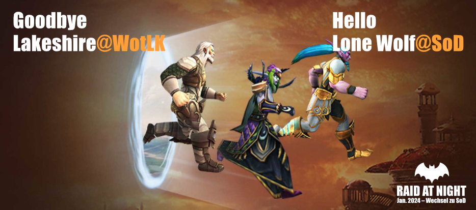 Ab 19. Januar 2024 ist Raid at Night ausschließlich in SoD auf dem Server Lone Wolf aktiv. Wir freuen uns, nach der PvE Diaspora auf Lakeshire wieder auf einem PvP Realm unterwegs zu sein. SoD ist vielversprechend gestartet. Wir sind gespannt auf die neuen Inhalte und überraschende „Discoveries“ in good old Azeroth.
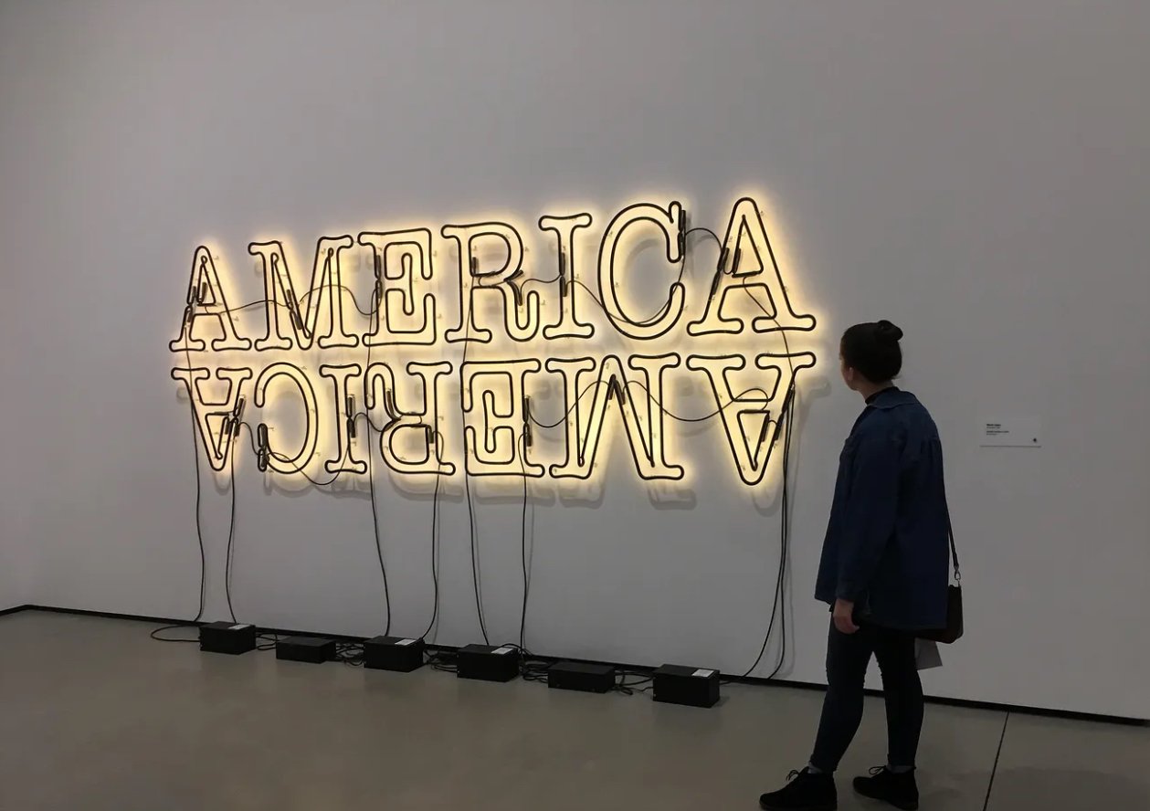Glenn Ligon’s “Double America” is an intriguing work of art combining neon and paint to engage with themes of identity, language, and socio-political context. Displayed at the National Gallery of Art in Washington, D.C., since 2012, this piece stands as a provocative commentary on the American identity’s complex and sometimes contradictory nature. Using a minimalist yet powerful approach, Ligon invites viewers to explore the multiplicity of meanings behind the concept of “America.”
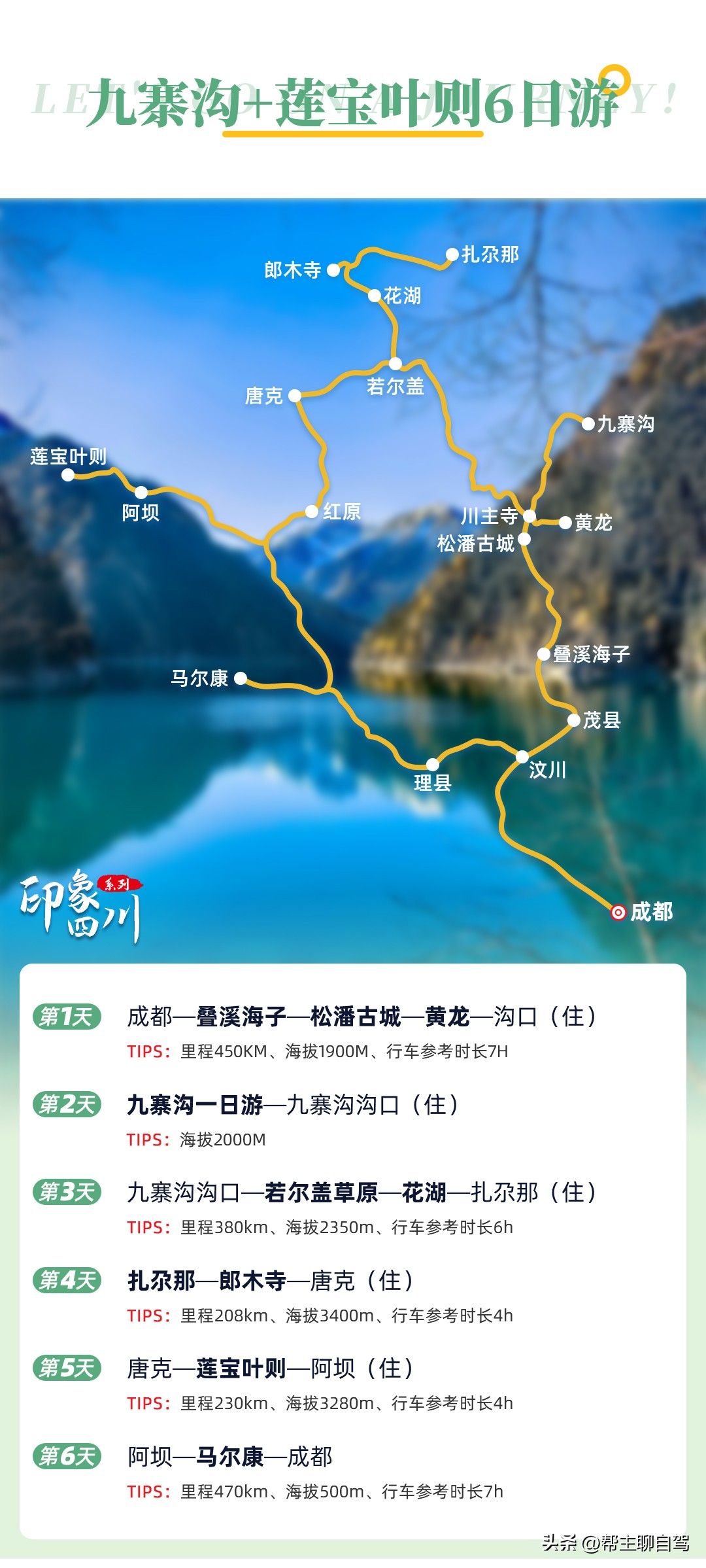 扎尕那+莲宝叶则+九寨沟+黄龙+若尔盖+花湖。
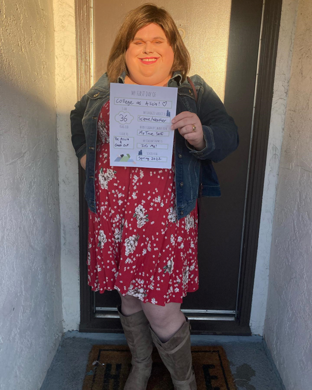 Then the pandemic happened, and like many of you, we were trapped at home. What’s crazy is that rather than pull us apart, the pandemic brought us closer together. We regularly checked in on each other, made sure to make space for some fun time at home, and with her encouragement, I made some time for Alicia. When everything started reopening, we were eager to get out, and much to my surprise, my wife communicated a willingness to actually go out with me presenting as Alicia. That date finally came in late June of 2020, and while I didn’t get out of the car (other than to fill up our car), it was a
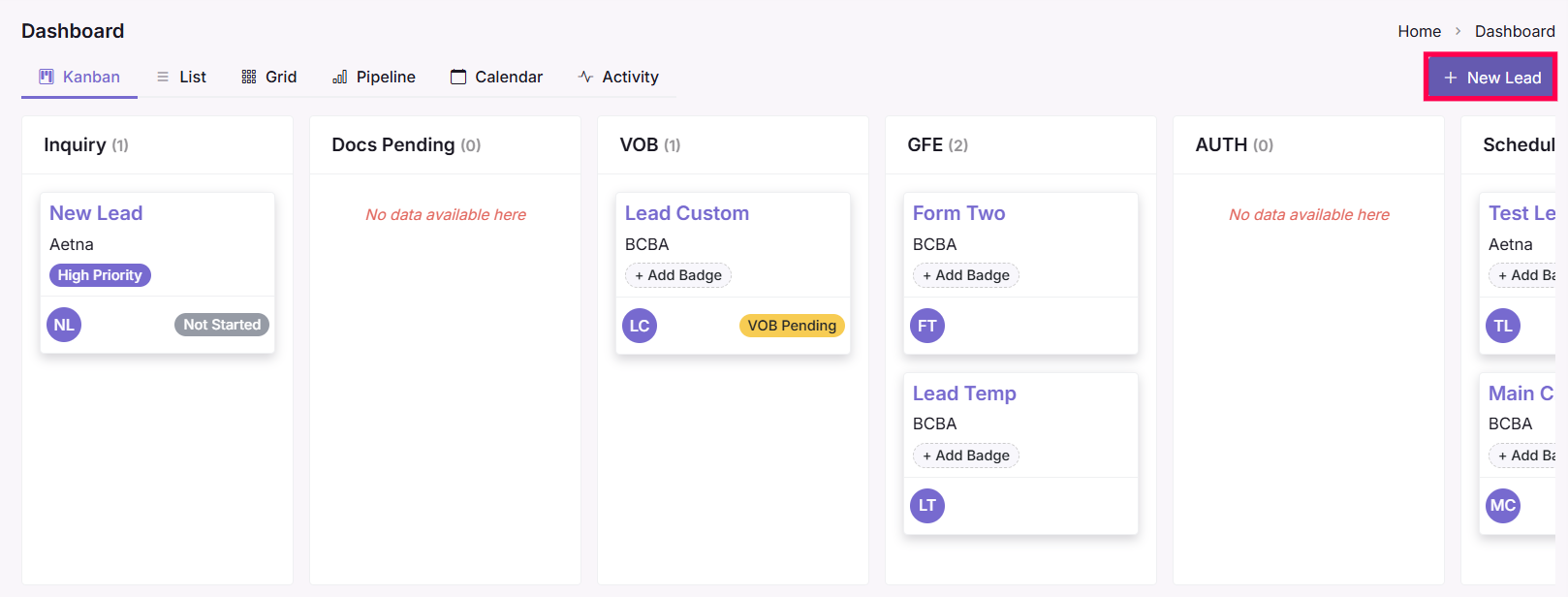 The lead will now appear in the Inquiry stage of your Kanban board and will begin their automated intake workflow.
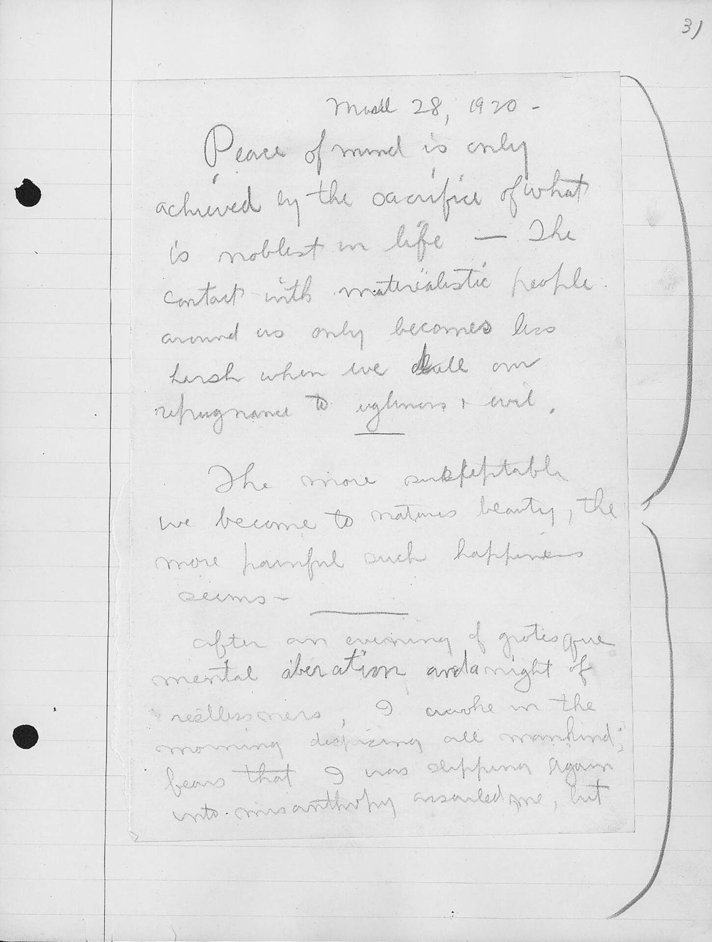 Peace of mind is only achieves by the sacrifice of what is noblest in life – the contact with materialistic people around us only becomes less harsh when we dull our repugnance to ugliness & evil.
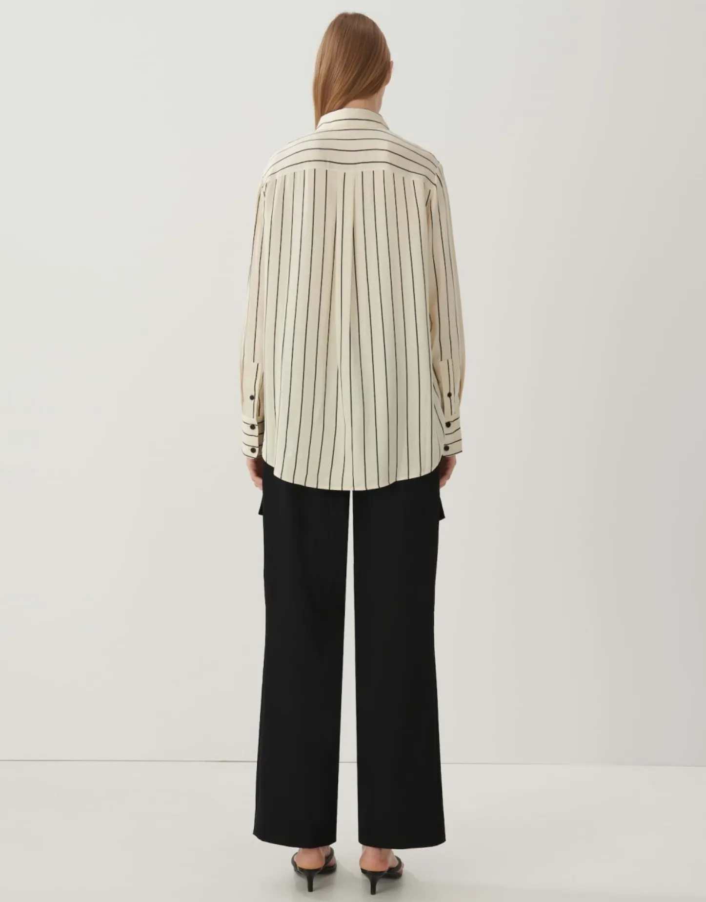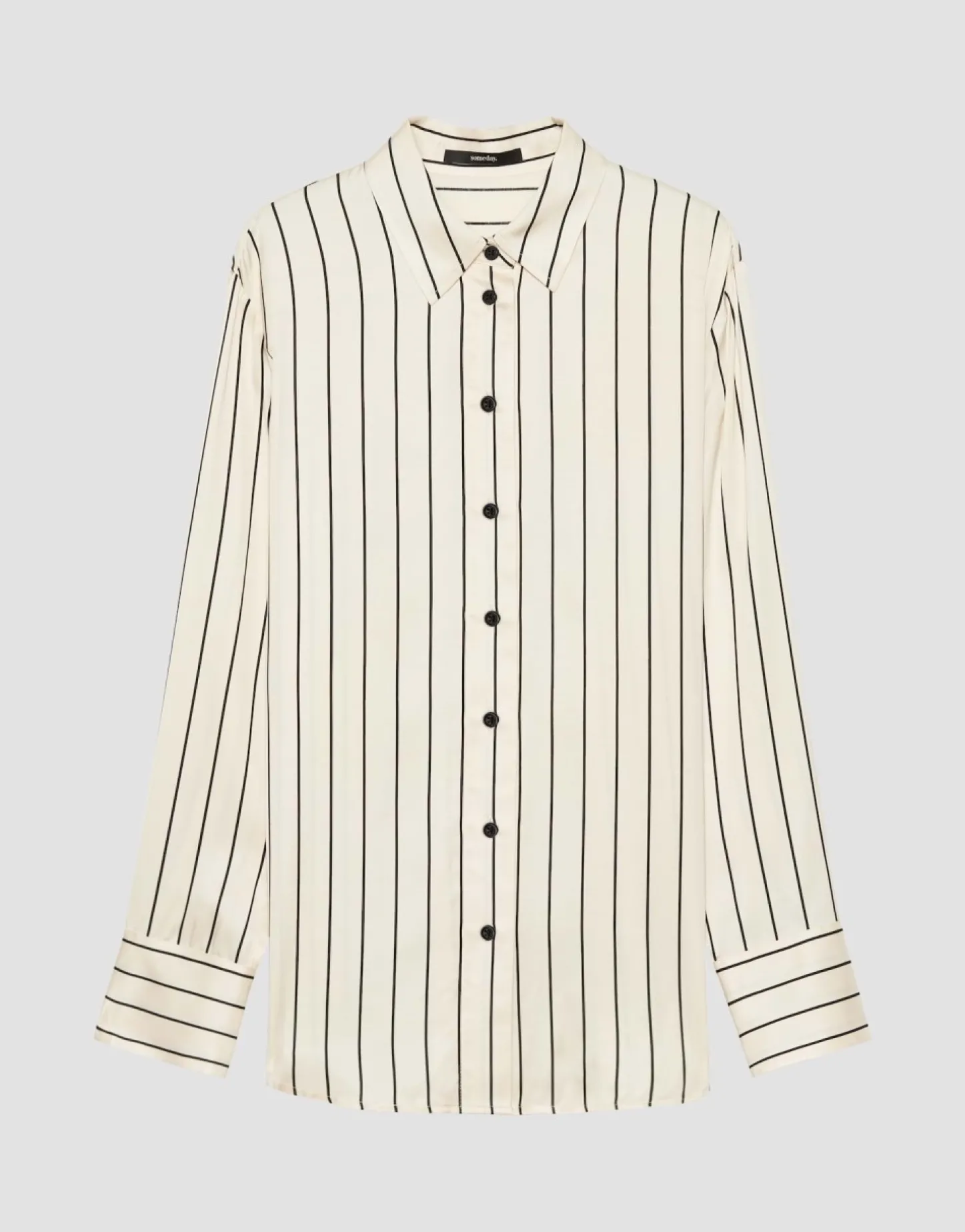 De Gestreepte Blouse Van Vloeiende Ecovero™ Viscose Speelt Met Een Prachtig Streeppatroon Over Een Satijnen Stof. De Lange Knoopsluiting Met Contrasterende Knopen Biedt Een Geweldig Contrast.

• • • •

Make an exact copy of the lines above, starting at the line that contains "The lead will" and running through the final line of the entries. Omit the pictures.

 The lead will now appear in the Inquiry stage of your Kanban board and will begin their automated intake workflow.
 Peace of mind is only achieves by the sacrifice of what is noblest in life – the contact with materialistic people around us only becomes less harsh when we dull our repugnance to ugliness & evil.
 De Gestreepte Blouse Van Vloeiende Ecovero™ Viscose Speelt Met Een Prachtig Streeppatroon Over Een Satijnen Stof. De Lange Knoopsluiting Met Contrasterende Knopen Biedt Een Geweldig Contrast.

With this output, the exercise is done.